--- START ---

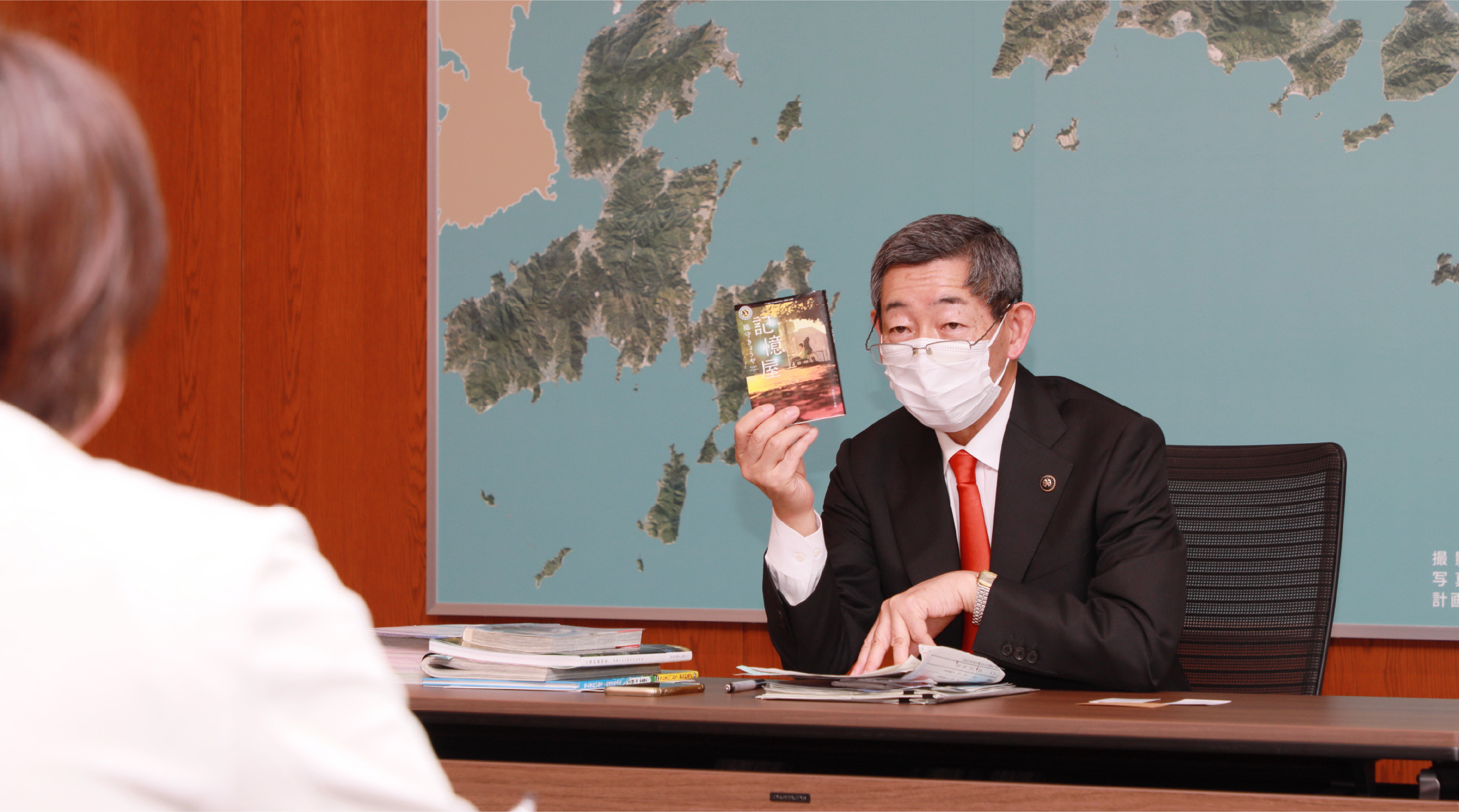 たくさん用意してくださった資料の中から、呉市でロケが行われた映画『記憶屋 あなたを忘れない』の原作本を手に取って、呉市の魅力を語る新原市長
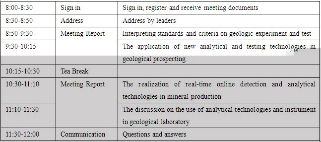 The seminar aims to carry out the spirit of the meeting on geological prospecting strategic action held by four national ministries, further strengthen the communication on geologic experiment and testing technology. The theme of the conference is “geological experiment and testing technology and geological prospecting”, discussion is carried out centering on four topics, “interpreting standards and criteria on geologic experiment and test”, “the application of new analytical and testing technologies in geological prospecting”, “the realization of real-time online detection and analytical technologies in mineral production”, “the discussion on the use of analytical technologies and instrument in geological laboratory”.
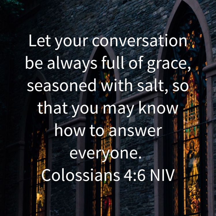 What we talk about and how we talk about others reveals a lot about who we are and what we believe. Many of us are satisfied to discuss superficial facts, tasteless gossip and general information. When it comes to expressing gratitude, sharing feelings and discussing the deep and meaningful things of life most people seem to put up defensive barriers. As followers of Jesus, we are called to be known for our tasteful conversation. I believe this points to being open, honest, real and reflective of the hope, joy, love and peace that we have been given. It is unfortunate that many seem to ignore this, or are ignorant of it, as it is often difficult to identify a follower of Jesus simply by their conversation.
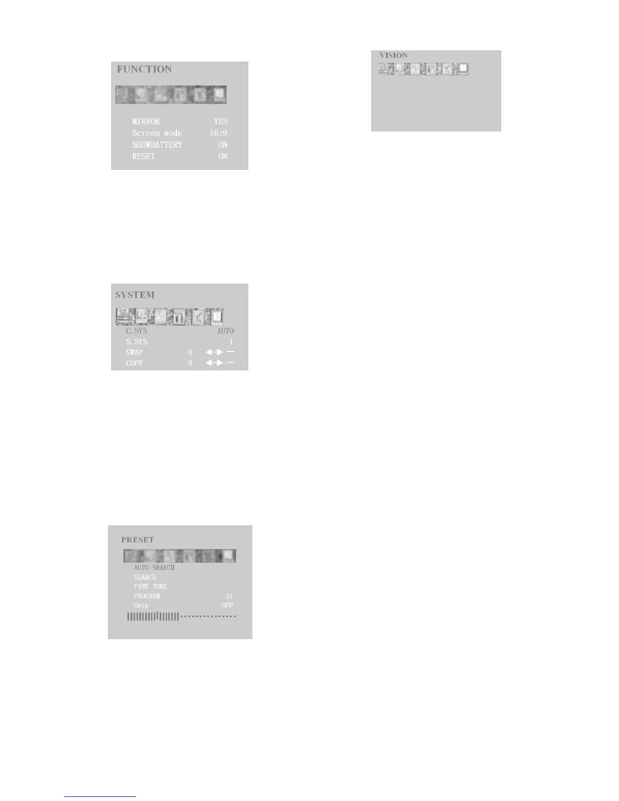 S.SYS: Adjust the sound mode of TV—I, L, BG, DK.
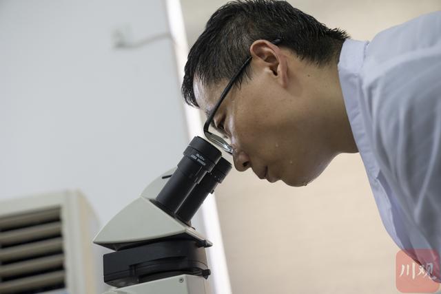 中科院成都山地所研究员王文志在成都的实验室内分析采集到的冷杉年轮样本。
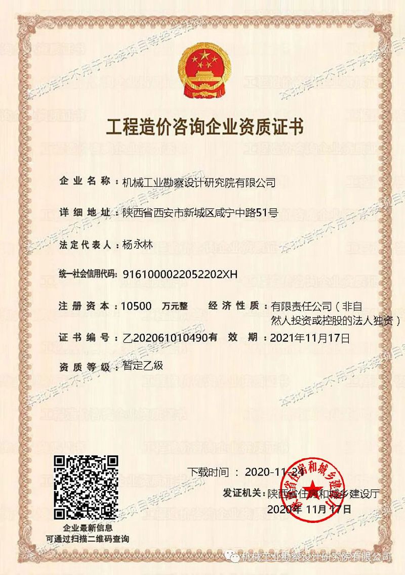截止到目前,我院拥有国家住建部、国家自然资源部等颁发的多项资质,其中甲级11项,乙级及其它类资质20余项,系陕西省人工地基第1检测站所在单位,全过程工程咨询试点企业,房屋建筑和市政基础设施工程总承包试点企业;通过了质量管理体系、环境管理体系和职业健康安全管理体系认证;能为业主提供与工程建设相关的城乡规划、策划咨询、工程勘察、工程设计、工程测绘、工程检测、工程施工、项目管理及工程总承包等全方位、全过程的服务。
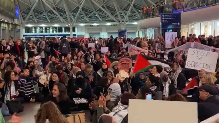 In videos, protesters can be seen sitting on the station concourse chanting “ceasefire now”, “free, free Palestine” and “in our thousands, in our millions, we are all Palestinians”.
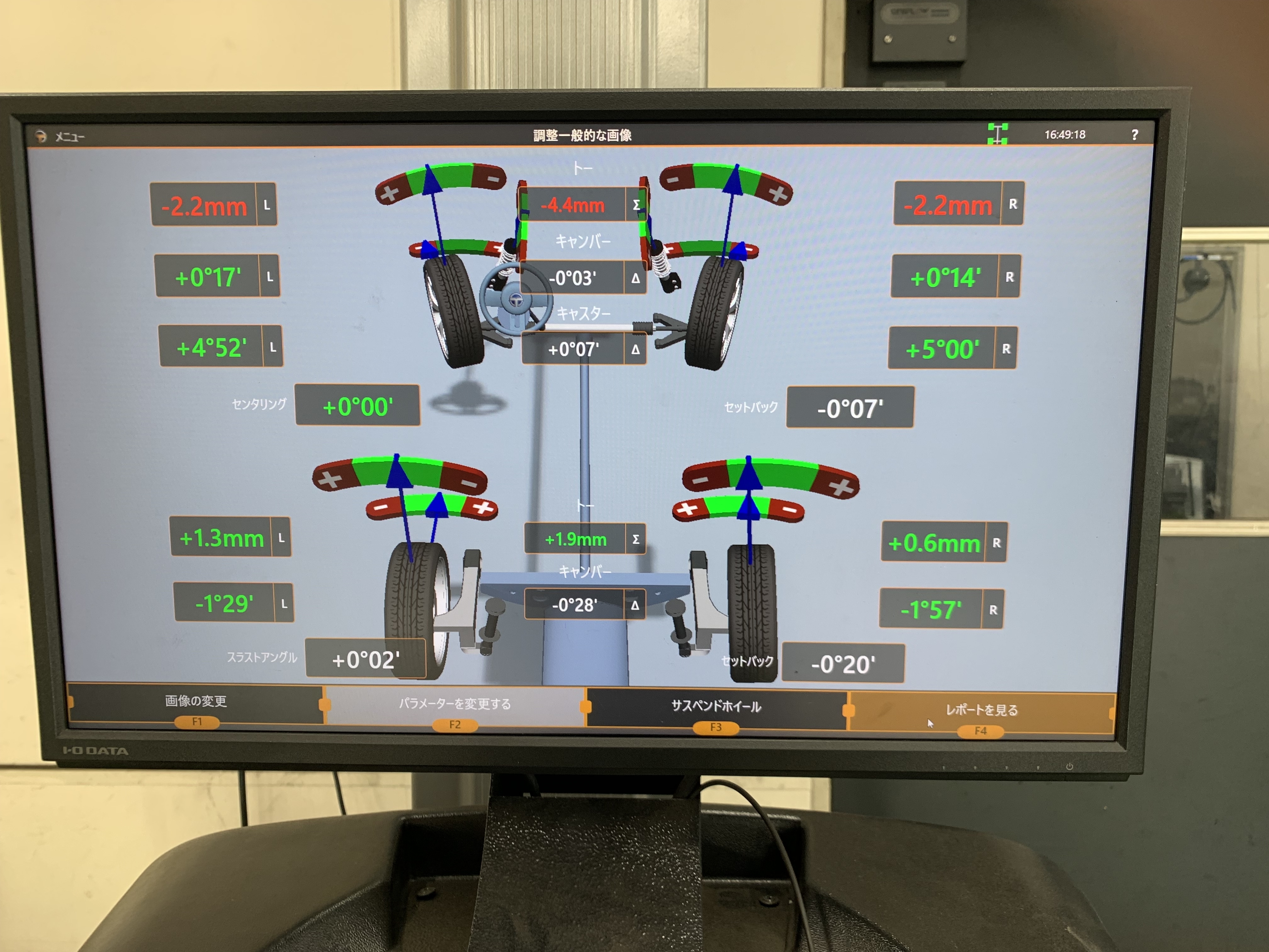 測定をした結果フロント左右のトーが大きくズレてしまっていました!
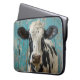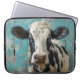 Schützen Sie Ihr Gerät mit rustikalem Charme mit unserer Niedlichen Milchkuh Bauernhof Malerei Laptop Schläfchen. Mit einer bezaubernden Milchkuh und einem abgenutzten, blau gestrichenen Holzboden kombiniert dieser Ärmel die Ästhetik eines Bauernhauses mit praktischem Schutz, perfekt für Liebhaber von Landdekoration und Pastoralszenen.
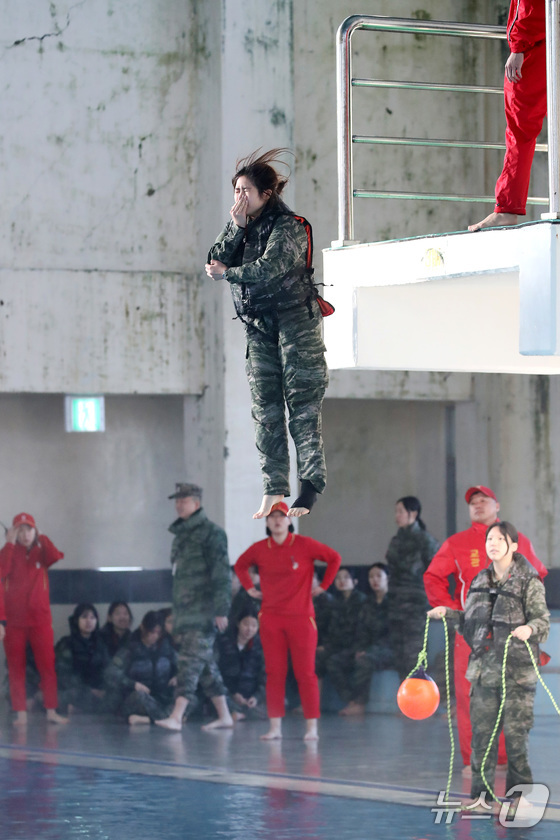 13일 경북 포항 해병대 1사단에서 열린 '2026년 겨울 해병대 캠프' 참가자들이 인천상륙관에서 비상시 함정을 탈출하는 이함훈련과 IBS(소형고무보트) 체험을 하고 있다. 2026.1.13/뉴스1 © News1 공정식 기자
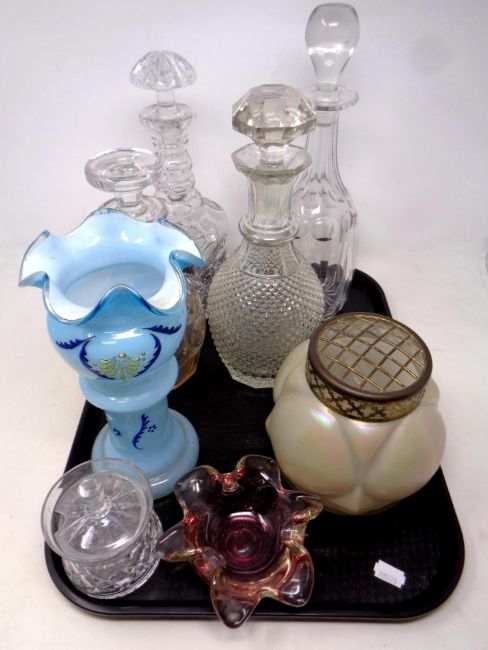 A tray of antique and later glass, decanter, blue glass vase, preserve pot etc

--- END ---

## AIM OF THE TASK
The whole listing should be printed again exactly as written, images excluded.

## REPLY TO THE EXERCISE
 たくさん用意してくださった資料の中から、呉市でロケが行われた映画『記憶屋 あなたを忘れない』の原作本を手に取って、呉市の魅力を語る新原市長
 The seminar aims to carry out the spirit of the meeting on geological prospecting strategic action held by four national ministries, further strengthen the communication on geologic experiment and testing technology. The theme of the conference is “geological experiment and testing technology and geological prospecting”, discussion is carried out centering on four topics, “interpreting standards and criteria on geologic experiment and test”, “the application of new analytical and testing technologies in geological prospecting”, “the realization of real-time online detection and analytical technologies in mineral production”, “the discussion on the use of analytical technologies and instrument in geological laboratory”.
 What we talk about and how we talk about others reveals a lot about who we are and what we believe. Many of us are satisfied to discuss superficial facts, tasteless gossip and general information. When it comes to expressing gratitude, sharing feelings and discussing the deep and meaningful things of life most people seem to put up defensive barriers. As followers of Jesus, we are called to be known for our tasteful conversation. I believe this points to being open, honest, real and reflective of the hope, joy, love and peace that we have been given. It is unfortunate that many seem to ignore this, or are ignorant of it, as it is often difficult to identify a follower of Jesus simply by their conversation.
 S.SYS: Adjust the sound mode of TV—I, L, BG, DK.
 中科院成都山地所研究员王文志在成都的实验室内分析采集到的冷杉年轮样本。
截止到目前,我院拥有国家住建部、国家自然资源部等颁发的多项资质,其中甲级11项,乙级及其它类资质20余项,系陕西省人工地基第1检测站所在单位,全过程工程咨询试点企业,房屋建筑和市政基础设施工程总承包试点企业;通过了质量管理体系、环境管理体系和职业健康安全管理体系认证;能为业主提供与工程建设相关的城乡规划、策划咨询、工程勘察、工程设计、工程测绘、工程检测、工程施工、项目管理及工程总承包等全方位、全过程的服务。
 In videos, protesters can be seen sitting on the station concourse chanting “ceasefire now”, “free, free Palestine” and “in our thousands, in our millions, we are all Palestinians”.
 測定をした結果フロント左右のトーが大きくズレてしまっていました!
 Schützen Sie Ihr Gerät mit rustikalem Charme mit unserer Niedlichen Milchkuh Bauernhof Malerei Laptop Schläfchen. Mit einer bezaubernden Milchkuh und einem abgenutzten, blau gestrichenen Holzboden kombiniert dieser Ärmel die Ästhetik eines Bauernhauses mit praktischem Schutz, perfekt für Liebhaber von Landdekoration und Pastoralszenen.
 13일 경북 포항 해병대 1사단에서 열린 '2026년 겨울 해병대 캠프' 참가자들이 인천상륙관에서 비상시 함정을 탈출하는 이함훈련과 IBS(소형고무보트) 체험을 하고 있다. 2026.1.13/뉴스1 © News1 공정식 기자
 A tray of antique and later glass, decanter, blue glass vase, preserve pot etc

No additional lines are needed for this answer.